# bibliographic data science

> field of study

**Wikidata**: [Q137782505](https://www.wikidata.org/wiki/Q137782505)  
**Source**: https://4ort.xyz/entity/bibliographic-data-science

## Summary  
Bibliographic data science is an interdisciplinary field of study that merges the methods of data science with the scholarly discipline of bibliography. It focuses on applying computational techniques to analyze books, publishing practices, national bibliographies, and bibliographic databases.

## Key Facts  
- Bibliographic data science is classified as a **field of study** (instance of).  
- It is a **subclass of** data science, bibliography, and the history of books.  
- The field **studies** bibliography, book publishing, national bibliography, and bibliographic databases.  
- It is also known by the alias **“bibliographical Data Science.”**  
- Bibliographic data science is a **part of** the broader academic disciplines of **bibliography** and **data science**.  
- An overview of the field is described at the URL: https://marketplace.sshopencloud.eu/workflow/tE2HiC (English language).  
- Wikidata describes bibliographic data science simply as a **field of study**.  

## FAQs  
### Q: What is bibliographic data science?  
A: Bibliographic data science is a field that applies data‑science techniques to the study of books, publishing, national bibliographies, and bibliographic databases, bridging bibliography and data science.  

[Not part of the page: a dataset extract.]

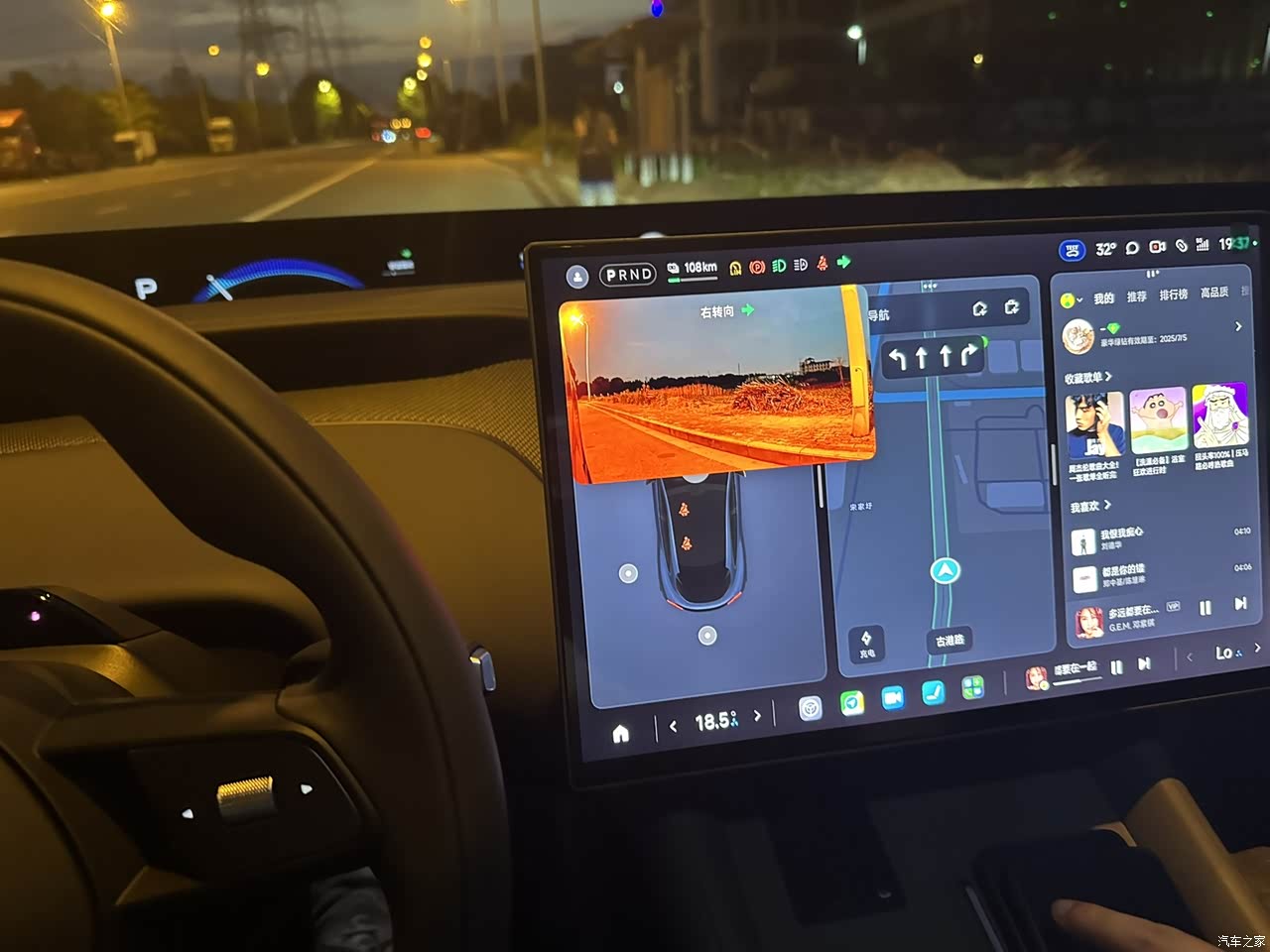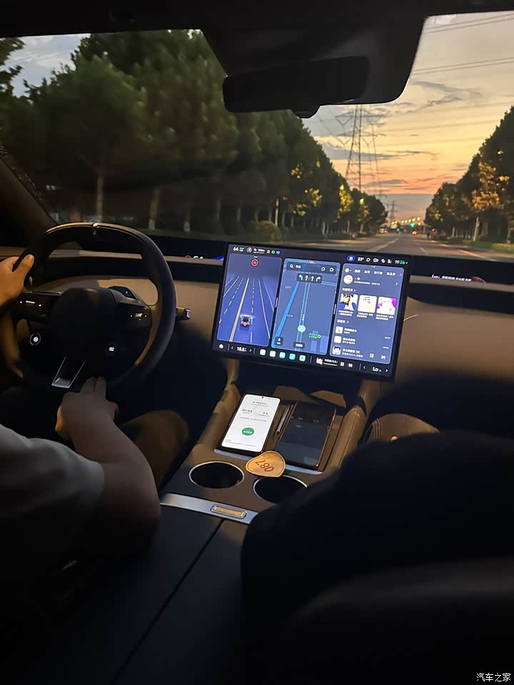 1、hud显示屏:之前一直看网上宣传,渲染效果很好,而真正眼睛看到的时候,还有有被惊艳到的,效果看起来很漂亮。可是结合真实驾驶时候的情况,可以说这块屏幕锁显示的信息,还是有限的。实时速度在驾驶正前方,中间是时钟,右侧是音乐播放器。而车辆的更多数据依然是在中控屏上,包括导航路线。还有个问题是,坐姿如果低了,这个黑色长条的反射区域会遮挡一部分底部视线,需要坐直看整个路面。 2、后排手机屏:后排有一个手机,是可以方便后排乘客操作汽车的一些基础功能,如空调温度、风量,音乐声音大小等等,方便后排更快捷的操作。 小米生态:大家都知道,小米生态和智能家居的互联一直都是他们的卖点,所以这个只要家里有小米的家电,都可以在路上用小爱一起语音控制了。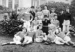 The 1882–83 season was the fifth season in the history of West Bromwich Albion Football Club. This was the club's first season at their fourth ground, the Four Acres. The ground had been home to the West Bromwich Dartmouth Cricket Club since 1834, but the cricket club allowed Albion to play football matches there on Saturdays and Mondays.[3] The club wore two different kits during 1882–83: as well as the chocolate and blue halves from the previous season, the club also sported narrow red and white hoops.[4][5]

### Q: How does bibliographic data science differ from regular data science?  
A: While data science extracts insights from any type of data, bibliographic data science specifically targets bibliographic information—such as book metadata and publishing records—combining domain knowledge from bibliography with analytical methods.  

### Q: What topics are covered by bibliographic data science?  
A: The field examines bibliography, book publishing processes, national bibliography projects, and the structure and use of bibliographic databases.  

## Why It Matters  
Bibliographic data science addresses the growing need to manage, analyze, and interpret massive amounts of bibliographic information generated by modern publishing ecosystems and national library initiatives. By leveraging data‑science tools—such as statistical modeling, machine learning, and network analysis—researchers can uncover patterns in authorship, publication trends, citation networks, and cultural heritage preservation. This enables more efficient cataloguing, supports scholarly discovery, informs policy decisions about national bibliographies, and enhances digital humanities projects that rely on accurate, scalable analysis of book‑related data. As the volume of digital and print metadata expands, the discipline provides essential methodologies for turning raw bibliographic records into actionable knowledge.  

## Notable For  
- **Interdisciplinary synthesis** of bibliography and data science, creating a unique analytical lens for book‑related data.  
- **Focus on national bibliography**, supporting the systematic documentation of a country’s publishing output.  
- **Application to bibliographic databases**, improving data quality, searchability, and insight extraction.  
- **Recognition as a distinct subclass** within both data science and the history of books, highlighting its specialized scope.  

## Body  

### Definition and Scope  
- Bibliographic data science is defined as a field of study that integrates computational data‑analysis methods with the scholarly study of books and publishing.  
- It encompasses the examination of bibliographic records, metadata standards, and the lifecycle of book publishing.  

### Relationship to Parent Disciplines  
- **Bibliography**: Provides the domain expertise on books, editions, and publishing history.  
- **Data Science**: Supplies the quantitative and algorithmic tools for processing large bibliographic datasets.  
- As a subclass of both, bibliographic data science inherits methodological rigor from data science and contextual depth from bibliography.  

### Core Areas of Study  
- **Bibliography** – analysis of cataloguing practices, citation formats, and historical book records.  
- **Book Publishing** – investigation of production trends, market dynamics, and distribution networks.  
- **National Bibliography** – systematic collection and description of a nation’s published output.  
- **Bibliographic Databases** – design, maintenance, and analytical exploitation of large‑scale bibliographic repositories.  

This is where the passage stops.